Sunday, 20 August 2017

Lady Macbeth

The very young Florence Pugh, an actor to watch for in the years ahead, plays Katherine, a woman living in rural north England in 1865 who is forced to marry Alexander (Paul Hilton), a man twice her age, to pay off a debt. The marriage does not seem to involve either love or sex and it does not take long for Katherine to get understandably frustrated and lonely. Her thoughts turn to Sebastian (Cosmo Jarvis), one of her husband’s workers, and a passionate affair ensues, with predictably negative consequences (as the title of the film suggests). Two members of Katherine’s household who play major roles in the story are Anna (Naomi Ackie), the maid, and the nasty Boris (Christopher Fairbank), Alexander’s father. None of these five unique and interesting characters is particularly sympathetic, though some are definitely more sympathetic than others.

William Oldroyd’s Lady Macbeth is a gorgeous film to watch, with a terrific haunting atmosphere and with excellent performances by a largely unknown cast. As a study of racism, classicism and sexism that continues to be relevant in our time, Lady Macbeth is brilliant. It should, perhaps, be recommended just for that. The only problem here (and it’s a huge one) is that I didn’t really like/enjoy this film.
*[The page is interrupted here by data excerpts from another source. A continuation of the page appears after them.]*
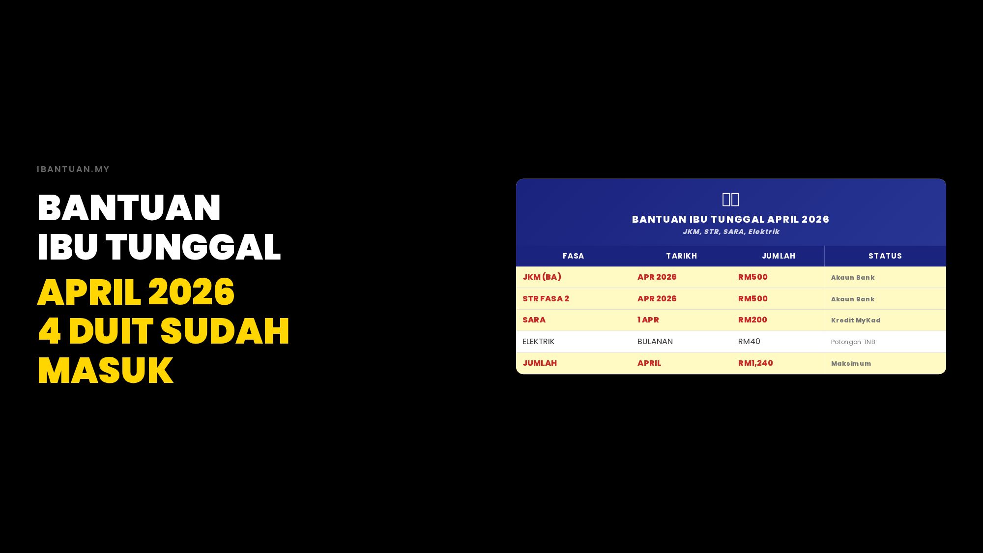 Berikut adalah senarai bantuan yang sudah atau sedang dikreditkan kepada ibu tunggal dan suri rumah yang layak pada bulan April 2026:
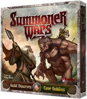 The Battle Ignites in the Mountains of Sorrow. The Mountains of Sorrow are aptly named, for they have been the site of the unending clash between Goblin and Dwarf. The Cave Goblins seek merely to throw themselves upon any foe with the will to fight. The Guild Dwarves sit in their mountain halls, jealously guarding their ancient riches. But with the discovery of the Summoning Stones comes a new kind of combat, and now these two great races will help set off the War for Itharia. Summoner Wars: Guild Dwarves vs. Cave Goblins gives players everything they need to join the War for Itharia, as either of these great races. Will you play the Guild Dwarves, whose knowledge of siege warfare knows no rival? Or will you play the Cave Goblins, and swarm your foe with your fanatical hordes?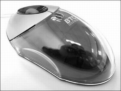 然后是这款漂亮的透明鼠标(图2)。这是BTC出品的M830光电鼠标,通体透明,搭配红色的底板,显得十分漂亮,外形也设计得比较合适,只是扫描频率低了点,快速移动中有跟踪失败现象,不过我们本来就是图个好看嘛。报价92元,比较便宜。

Not that it was a chore to sit through, and I’m glad I watched it on the big screen, but it’s rare for me to enjoy a film, and be fully engaged with its story, if there aren’t any sympathetic characters. Lady Macbeth not only lacks such characters, it is so cold and dark (again, this is suggested by the title) that it often made me cringe. So, in the end, Lady Macbeth is a well-made film that deserves at least a solid ***+ but gets only *** from me, for purely subjective reasons. My mug is up, but I won’t recommend this to most readers.